• Supplied data:
= = = = =

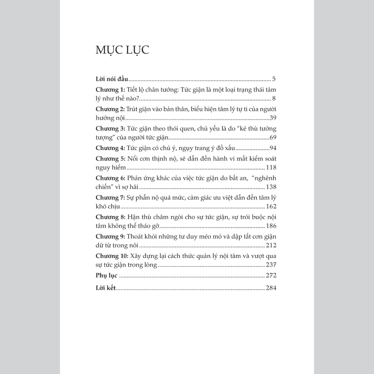 Muốn kiểm soát được cơn giận của bản thân, chúng ta cần phải có nghị lực và tự nhận thức về hậu quả của nó mang lại. Một khi bạn hiểu được nguyên nhân gây ra sự tức giận của mình, bạn sẽ có thể kiểm soát tốt nhất và biến nó thành động lực tích cực để có một cuộc sống tốt đẹp hơn. Hy vọng cuốn sách này sẽ giúp bạn có thể kìm nén được sự tức giận của mình một cách hiệu quả, cải thiện mối quan hệ với những người xung quanh và thực sự sống một cuộc sống hạnh phúc và bình yên
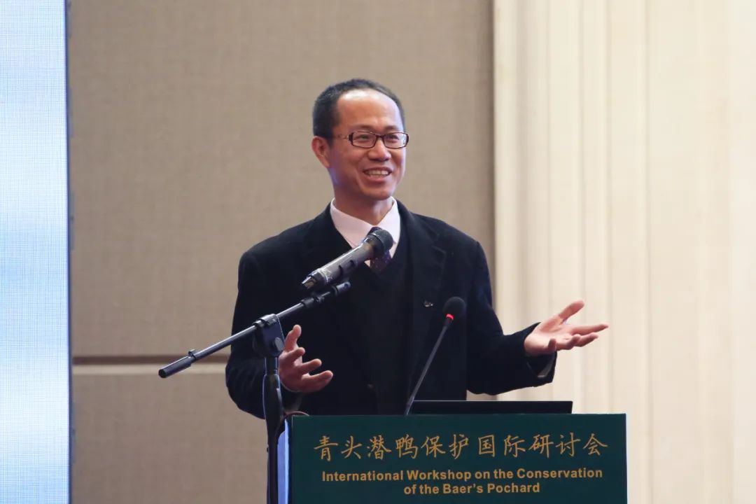 武大勇在青头潜鸭保护国际研讨会做主旨报告。图片来源:河北省文明办
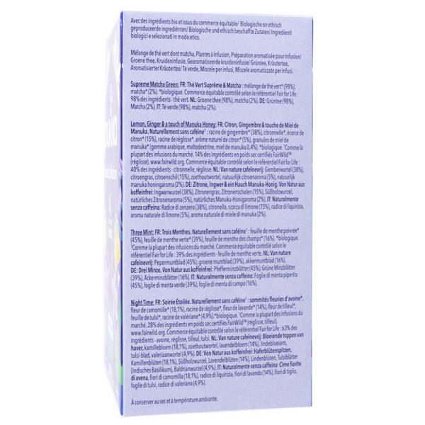 Soirée Étoilée. Naturellement sans caféine¹ : sommités fleuries d'avoine* fleur de camomille* (18,1%), racine de réglisse*, fleur de lavande* (14%), fleur de tilleul*, feuille de tulsi*, racine de valériane* (4,9%).*biologique. ¹Comme la plupart des infusions du marché. 28% des ingrédients en poids sec certifiés FairWild™ (réglisse, tilleul). Commerce équitable contrôlé selon le référentiel Fair for Life : 63% des ingrédients- avoine, réglisse, tilleul, tulsi.

= = = = =

Print the material above verbatim except the pictures.

 Muốn kiểm soát được cơn giận của bản thân, chúng ta cần phải có nghị lực và tự nhận thức về hậu quả của nó mang lại. Một khi bạn hiểu được nguyên nhân gây ra sự tức giận của mình, bạn sẽ có thể kiểm soát tốt nhất và biến nó thành động lực tích cực để có một cuộc sống tốt đẹp hơn. Hy vọng cuốn sách này sẽ giúp bạn có thể kìm nén được sự tức giận của mình một cách hiệu quả, cải thiện mối quan hệ với những người xung quanh và thực sự sống một cuộc sống hạnh phúc và bình yên
 武大勇在青头潜鸭保护国际研讨会做主旨报告。图片来源:河北省文明办
 Soirée Étoilée. Naturellement sans caféine¹ : sommités fleuries d'avoine* fleur de camomille* (18,1%), racine de réglisse*, fleur de lavande* (14%), fleur de tilleul*, feuille de tulsi*, racine de valériane* (4,9%).*biologique. ¹Comme la plupart des infusions du marché. 28% des ingrédients en poids sec certifiés FairWild™ (réglisse, tilleul). Commerce équitable contrôlé selon le référentiel Fair for Life : 63% des ingrédients- avoine, réglisse, tilleul, tulsi.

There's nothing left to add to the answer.